«И сколько раз тебе повторять одно и то же? Я перед отъездом тебе четко сказал, что уезжаю надолго. У меня здесь ответственная работа, а ты меня каждый день дергаешь по пустякам. Весны ей хочется не только в природе, но и в душе! Я-то при чем здесь? Пожалуйста, сама реши для себя вопрос весеннего обострения».

По мере чтения Катя начинала различать оттенки его настроения и отношения к матери. К равнодушию и грубости примешивалась явная издевка.

«Избавь меня от подробностей своего быта, работы, грызни с подругами. Неужели ты думаешь, что мне интересны эти бредни и есть время во все это погружаться? Я уже сто раз давал себе обещание перестать тебе отвечать. Но отвечаю, сам не знаю зачем. А ты пользуешься моей добротой. Насчет звонков. Я тебе еще перед отъездом объяснил, что звонить мне будет некуда, здесь нет связи. Все! Мне надо работать. Надеюсь, я предельно четко все объяснил».

Он ведь мог не отвечать, мог как-то прервать эту переписку, совершенно не нужную ему. Зачем он продолжал писать ей? Сам себе пытался доказать собственное благородство: не рвет с влюбленной в него дурой, регулярно отвечает на ее послания?

Или в этом был какой-то изощренный садизм? Он держал ее на коротком поводке, не порывая окончательно, но каждым своим коротким ответом убивая ее как человека, как женщину, в конце концов, как мать его ребенка.

Эти догадки рождались в Кате каким-то бессловесным способом, ибо и слов-то таких она не знала ── «изощренный садизм», но чувствовала эти уничижительные, убийственные интонации. Чувствовала нестерпимо остро, почти физически, ведь и с ее детской дочерней любовью обошлись так же безжалостно.

«Что ты придумала? Даже не думай! Это совершенно глупая затея. Я в гости никого не зову и никого не принимаю. Знаешь, незваный гость хуже кого? Вот и подумай, зачем тебе это. Если не хочешь ночевать на вокзале и утром уезжать обратно, сдай билет. И больше к этой теме не возвращаемся».

«Господи, за что он с ней так? Немудрено после такого отношения к себе возненавидеть всех вокруг», ── Катино сердце уже разрывалось от жалости к матери.

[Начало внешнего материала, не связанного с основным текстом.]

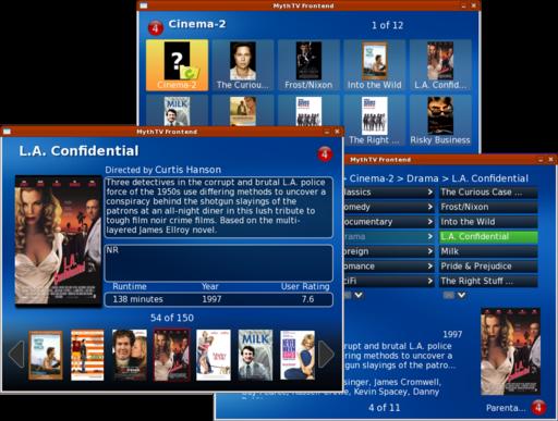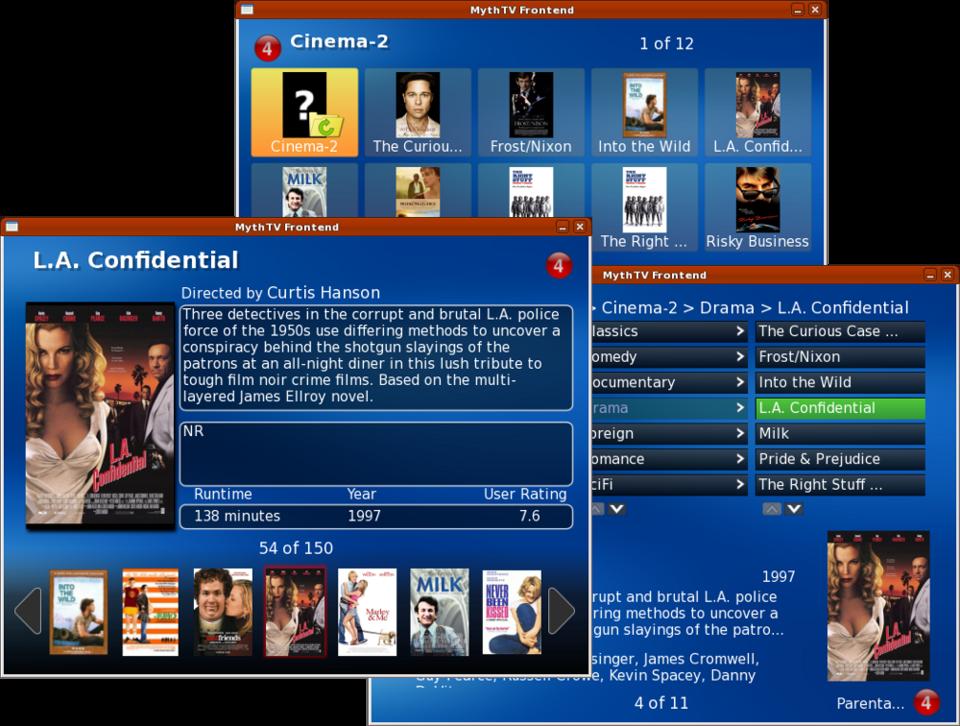 MythTV is designed as a personal video recorder (PVR) application. It is a network-based system with back ends used to acquire and serve TV and other media to front ends that handle display and playback. It supports a wide variety of hardware for both analog and video capture (Figure 3). The core recording and playback system is extended with plugins that provide additional features. The MythVideo plugin handles management and playback of video files, such as DVD rips. MythTV is best known for its wide support of TV tuner hardware and ability to play and record both analog and digital TV.
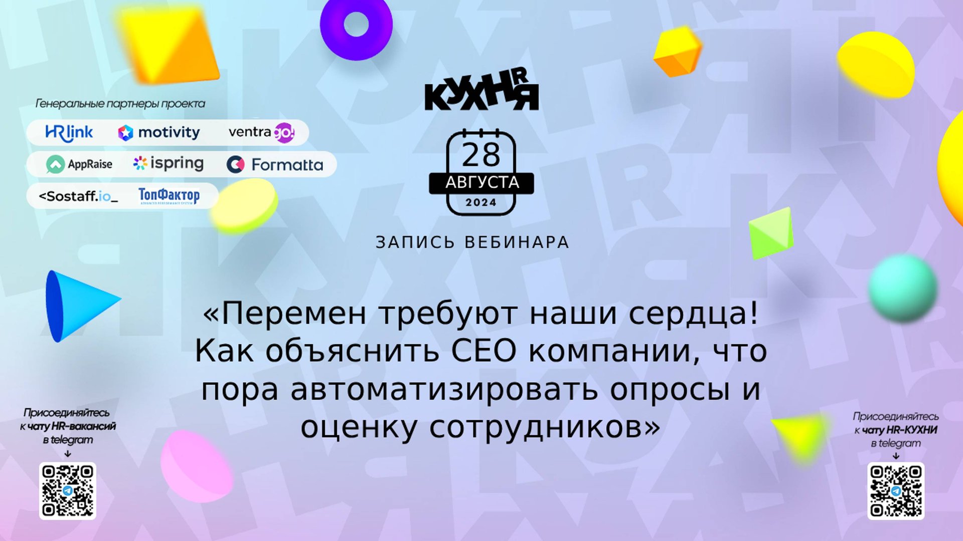 AppRaise — это HR-платформа для проведения опросов, оценки сотрудников и формирования культуры обратной связи c наглядными отчетами и аналитикой. Подробнее: https://clck.ru/3CNzJW Присоединяйтесь к чатам и каналам HR-КУХНИ в телеграм: - Основной чат HR-КУХНИ в телеграм - https://t.me/+tYgAH0PgPQVkOWIy - Канал HR вакансий в телеграм - https://t.me/+CMNAN2u1hjo3M2Ri - Канал HR-EVENTS в телеграм - https://t.me/hr_kitchen - Канал HR JOURNAL в телеграм - https://t.me/hrkitchenjournal Полезные ссылки: - Каталог HR решений - https://hrkitchen.ru/exhibition - График конференций, бесплатных вебинаров, а также бесплатные курсы – https://hrkitchen.ru/ - Стать спикером HR-КУХНИ - https://hrkitchen.ru/speakers - Подписаться на полезную e-mail рассылку от HR-КУХНИ (новости, гайды, чек-листы, подарки от партнеров) - https://hrkitchen.ru/subscribe
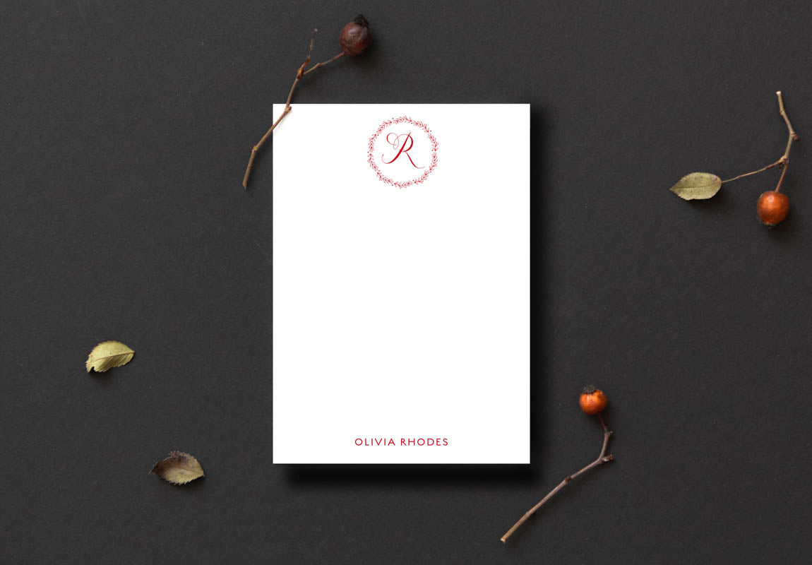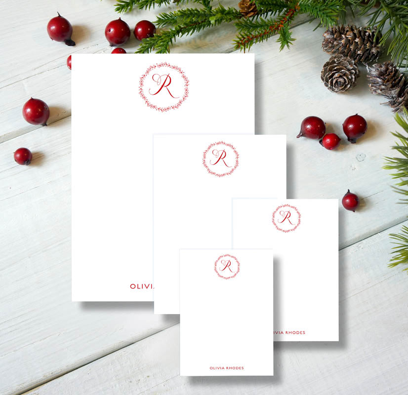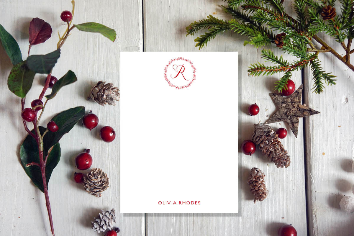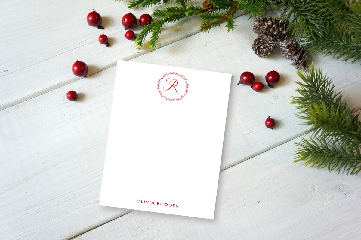 Say Merry Christmas in the most festive way with this stylish Red Ornate Monogrammed Notepad. Perfect for holiday stationery, this pad will make a memorable statement with its luxe design featuring classic holiday colors and a personalized monogram. Enhance your holiday season with this special stationery.

«Малыш, я уехал потому, что мне предложили хорошую работу. Мне было с тобой хорошо. Надеюсь, тебе тоже. Но, как известно, все хорошее когда-нибудь кончается. Хочу, чтобы ты была счастлива. Но без меня, понимаешь? И давай обойдемся без долгих объяснений. Пусть они не омрачат те приятные дни, что у нас были. Обнимаю».

Похоже, с этого письма началась эта мучительная для ее матери переписка. Он, видимо, рассчитывал, что им все и закончится. Поэтому был довольно вежлив, даже обратился «малыш». Катя терпеть не могла это слово. Им часто называли в фильмах влюбленных женщин, а, может, и любимых. Но почему-то Кате всегда казалось, что это слово ── какой-то штамп, что-то в нем уменьшительно-неласкательное, что-то обманчивое. Недаром в следующих письмах, когда уже никого не надо было обманывать, он вообще никак не обращался ── даже малышом не утруждал себя.

Это чтение истощило и без того уставшую Катю. Она чувствовала дикую усталость и опустошенность. Продолжать не было сил. И так все было ясно. Предельно ясно. Ее мать, атакующая письмами любимого, но не любящего ее мужчину, вызывает у него все большее раздражение. Она никак не может смириться с расставанием, пытается вернуть его. И тем самым все более и более увеличивает пропасть между ними.

А он своими ответами втаптывает ее чувства в грязь. При этом, наверное, ощущает собственную значимость ── не зря же такую любовь к нему испытывает этот «малыш». Значит, стоит он той любви и тех страданий.